→ Prompt
Begin your copy at the line with "modelled as a" in the records below and end it at the line with "Še na odprtem, začetnem", restating each line word for word; omit the pictures.

→ Records for the exercise

>>>

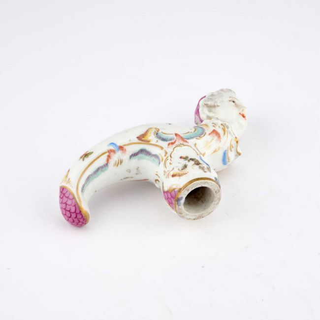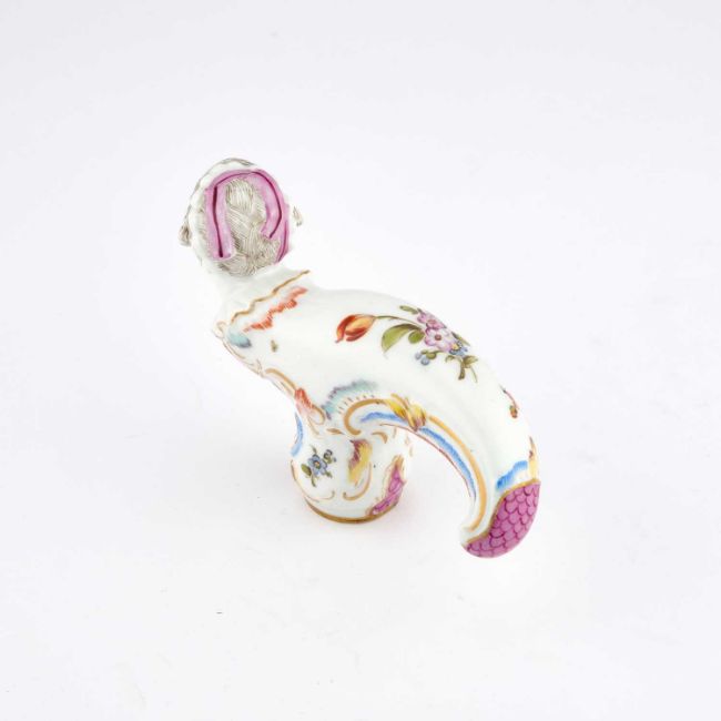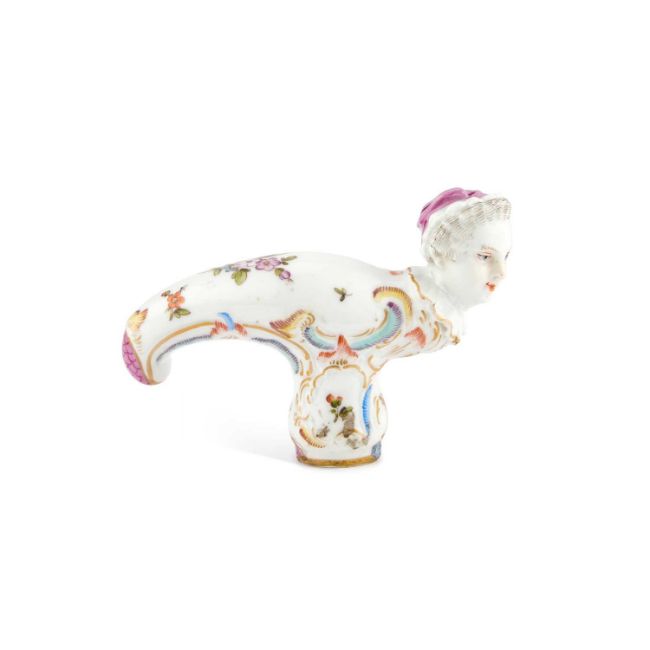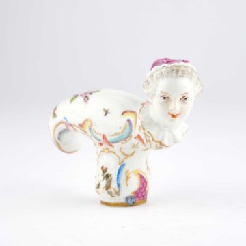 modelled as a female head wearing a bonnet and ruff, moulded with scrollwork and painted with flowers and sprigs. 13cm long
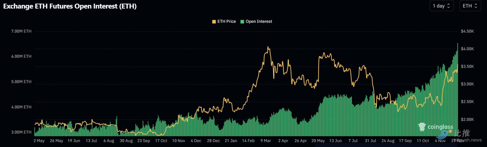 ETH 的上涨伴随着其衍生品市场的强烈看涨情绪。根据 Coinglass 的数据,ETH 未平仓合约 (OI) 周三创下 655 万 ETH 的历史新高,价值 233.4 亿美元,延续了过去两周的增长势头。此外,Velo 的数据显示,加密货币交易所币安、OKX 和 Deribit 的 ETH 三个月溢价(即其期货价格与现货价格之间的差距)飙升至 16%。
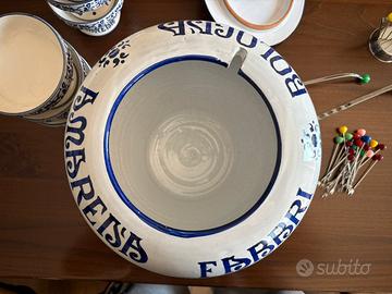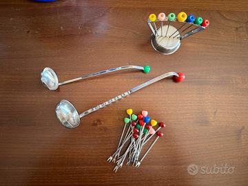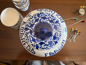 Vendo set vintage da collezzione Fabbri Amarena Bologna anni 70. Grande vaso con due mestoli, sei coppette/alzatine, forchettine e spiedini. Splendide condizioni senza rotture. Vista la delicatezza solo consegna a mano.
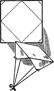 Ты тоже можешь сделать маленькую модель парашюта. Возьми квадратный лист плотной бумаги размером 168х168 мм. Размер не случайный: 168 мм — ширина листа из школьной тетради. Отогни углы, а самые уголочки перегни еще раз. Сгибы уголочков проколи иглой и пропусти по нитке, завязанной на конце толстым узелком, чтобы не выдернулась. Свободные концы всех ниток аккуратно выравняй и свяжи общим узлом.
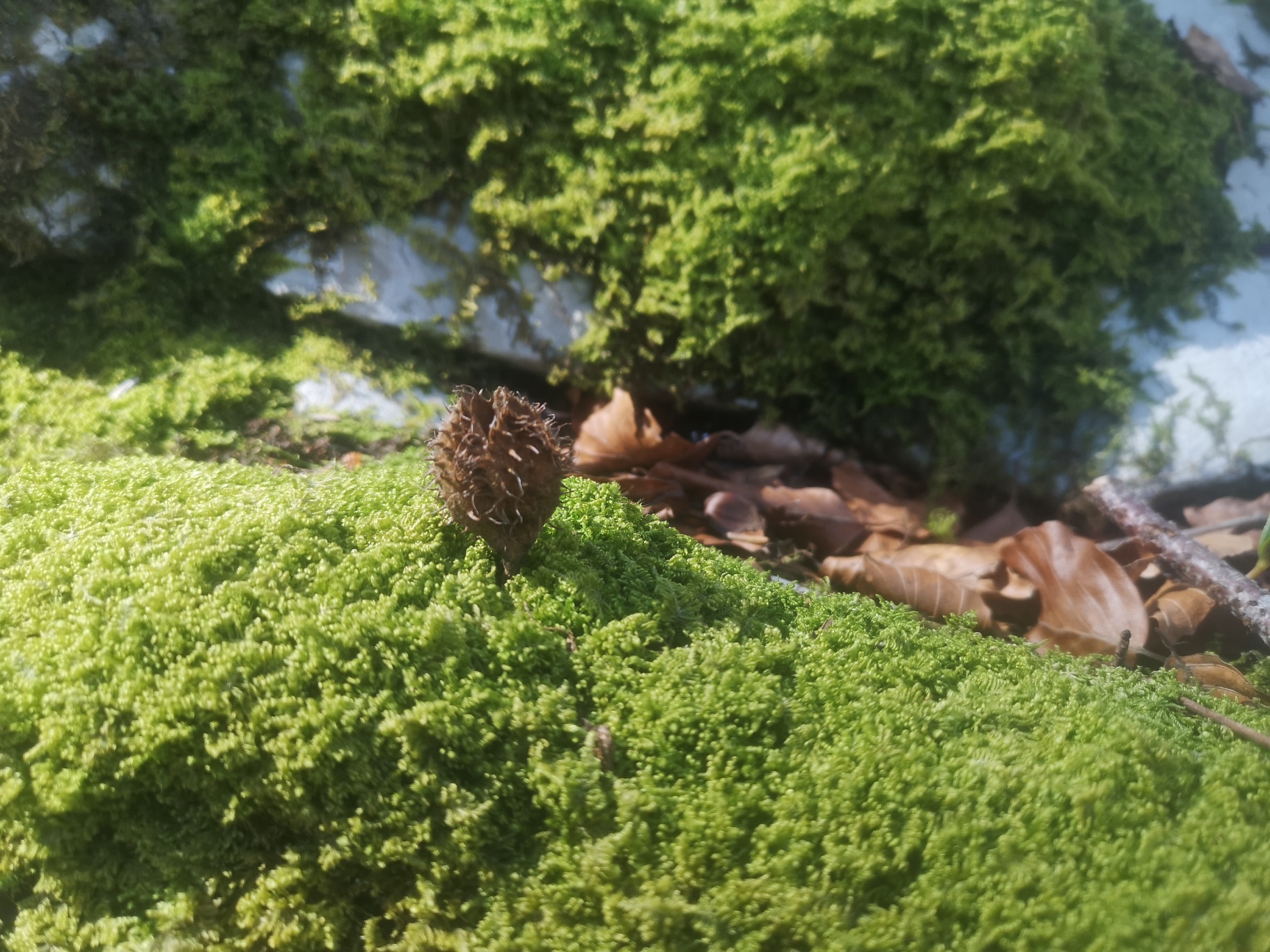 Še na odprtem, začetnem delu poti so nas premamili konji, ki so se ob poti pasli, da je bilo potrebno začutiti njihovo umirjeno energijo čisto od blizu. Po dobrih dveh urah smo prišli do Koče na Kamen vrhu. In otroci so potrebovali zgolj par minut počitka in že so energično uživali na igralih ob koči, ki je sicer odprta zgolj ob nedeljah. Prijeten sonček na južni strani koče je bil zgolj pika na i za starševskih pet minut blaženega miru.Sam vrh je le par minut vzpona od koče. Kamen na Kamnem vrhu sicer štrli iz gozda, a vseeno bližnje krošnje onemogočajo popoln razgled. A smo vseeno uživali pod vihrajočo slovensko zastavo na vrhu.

<<<
>>>

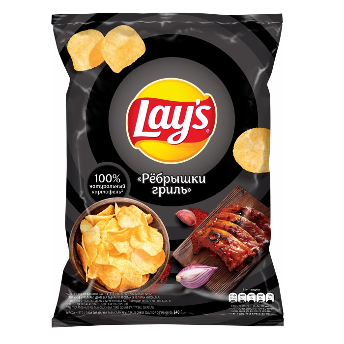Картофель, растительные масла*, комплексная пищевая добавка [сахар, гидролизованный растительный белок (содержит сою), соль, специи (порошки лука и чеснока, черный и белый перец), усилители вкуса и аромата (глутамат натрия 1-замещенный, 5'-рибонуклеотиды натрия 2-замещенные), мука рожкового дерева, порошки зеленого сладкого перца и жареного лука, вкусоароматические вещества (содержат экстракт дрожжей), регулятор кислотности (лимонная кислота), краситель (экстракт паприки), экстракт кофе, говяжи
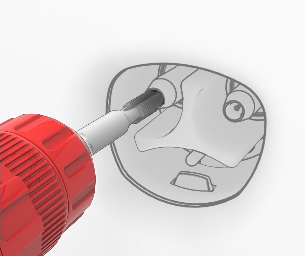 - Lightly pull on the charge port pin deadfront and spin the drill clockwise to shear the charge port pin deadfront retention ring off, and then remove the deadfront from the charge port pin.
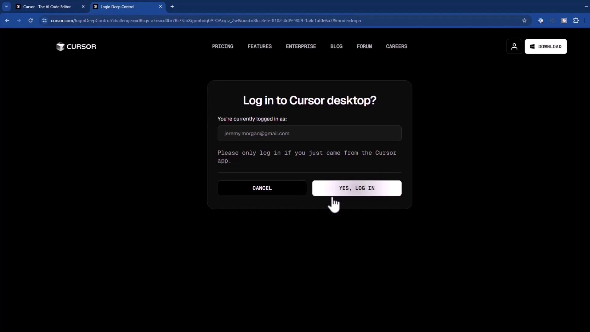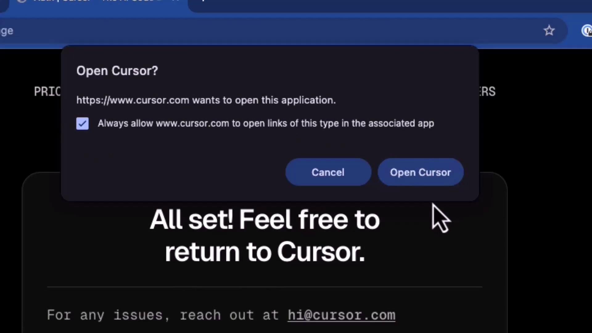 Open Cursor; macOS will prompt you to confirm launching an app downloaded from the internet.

<<<
>>>

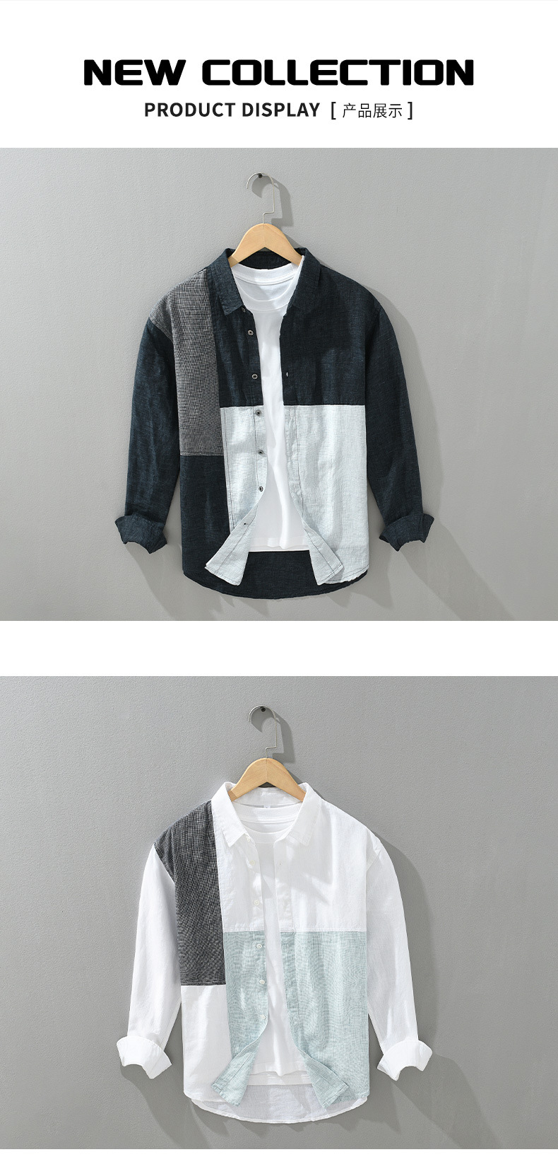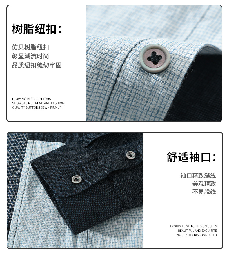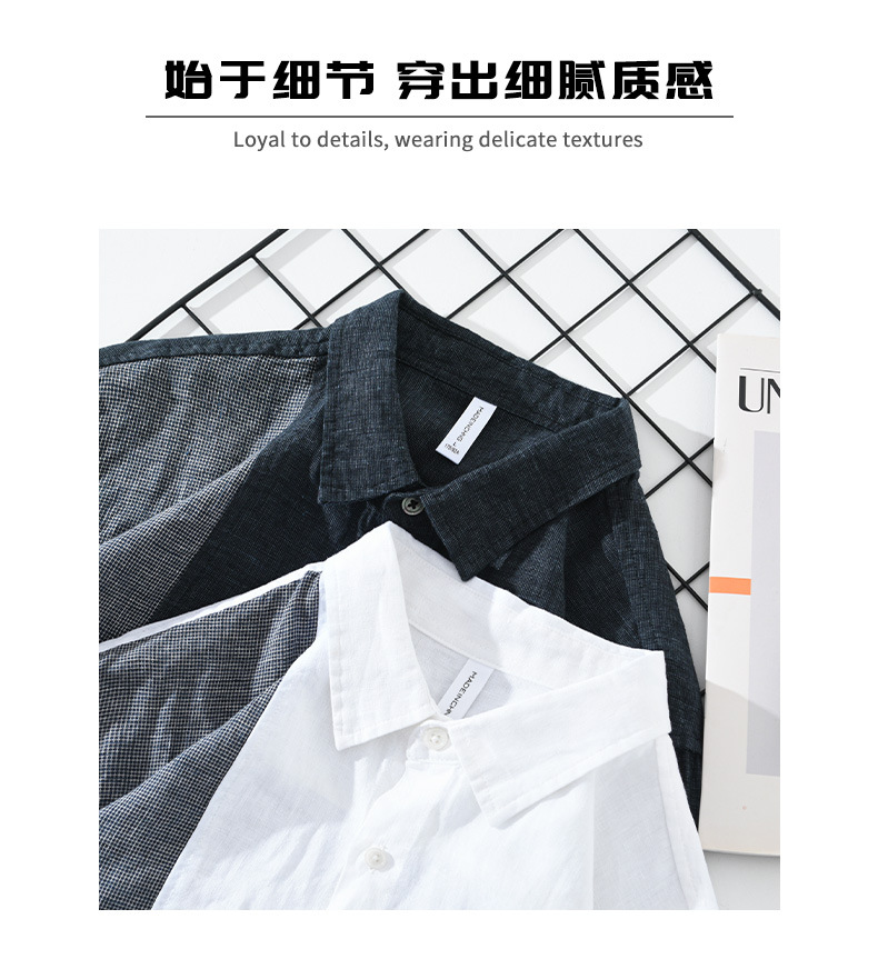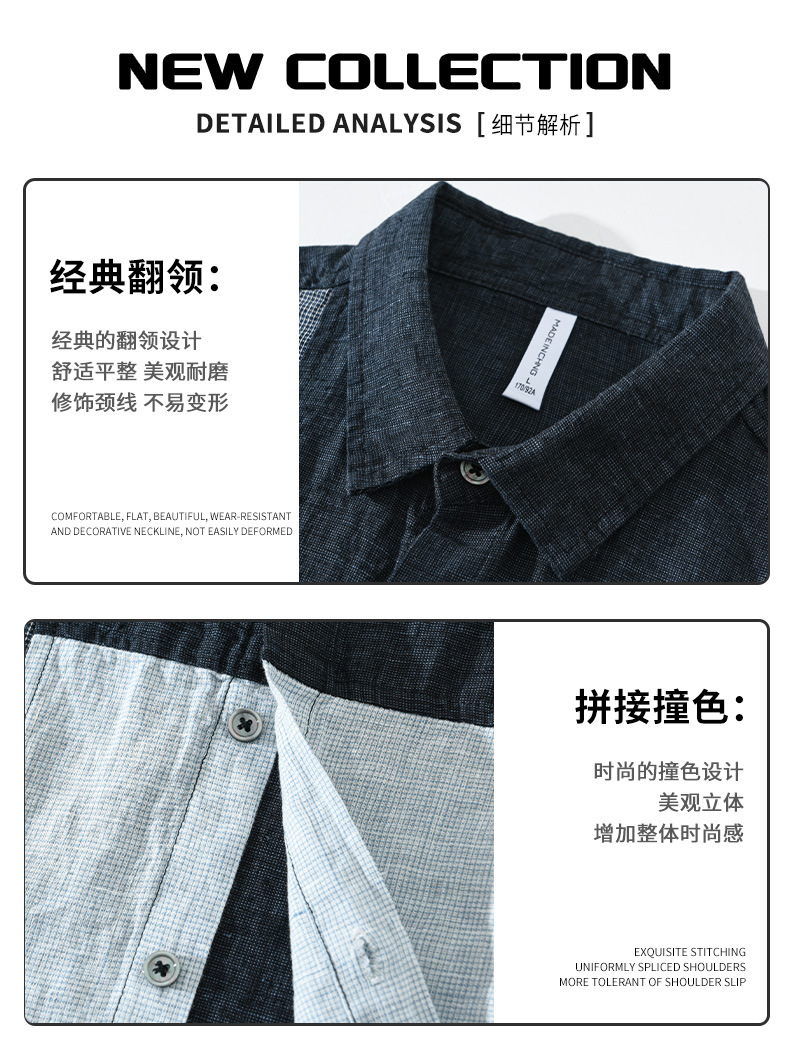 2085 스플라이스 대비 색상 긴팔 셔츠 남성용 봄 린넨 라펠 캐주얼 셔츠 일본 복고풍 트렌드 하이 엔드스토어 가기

<<<

→ Exercise output
 modelled as a female head wearing a bonnet and ruff, moulded with scrollwork and painted with flowers and sprigs. 13cm long
 ETH 的上涨伴随着其衍生品市场的强烈看涨情绪。根据 Coinglass 的数据,ETH 未平仓合约 (OI) 周三创下 655 万 ETH 的历史新高,价值 233.4 亿美元,延续了过去两周的增长势头。此外,Velo 的数据显示,加密货币交易所币安、OKX 和 Deribit 的 ETH 三个月溢价(即其期货价格与现货价格之间的差距)飙升至 16%。
 Vendo set vintage da collezzione Fabbri Amarena Bologna anni 70. Grande vaso con due mestoli, sei coppette/alzatine, forchettine e spiedini. Splendide condizioni senza rotture. Vista la delicatezza solo consegna a mano.
 Ты тоже можешь сделать маленькую модель парашюта. Возьми квадратный лист плотной бумаги размером 168х168 мм. Размер не случайный: 168 мм — ширина листа из школьной тетради. Отогни углы, а самые уголочки перегни еще раз. Сгибы уголочков проколи иглой и пропусти по нитке, завязанной на конце толстым узелком, чтобы не выдернулась. Свободные концы всех ниток аккуратно выравняй и свяжи общим узлом.
 Še na odprtem, začetnem delu poti so nas premamili konji, ki so se ob poti pasli, da je bilo potrebno začutiti njihovo umirjeno energijo čisto od blizu. Po dobrih dveh urah smo prišli do Koče na Kamen vrhu. In otroci so potrebovali zgolj par minut počitka in že so energično uživali na igralih ob koči, ki je sicer odprta zgolj ob nedeljah. Prijeten sonček na južni strani koče je bil zgolj pika na i za starševskih pet minut blaženega miru.Sam vrh je le par minut vzpona od koče. Kamen na Kamnem vrhu sicer štrli iz gozda, a vseeno bližnje krošnje onemogočajo popoln razgled. A smo vseeno uživali pod vihrajočo slovensko zastavo na vrhu.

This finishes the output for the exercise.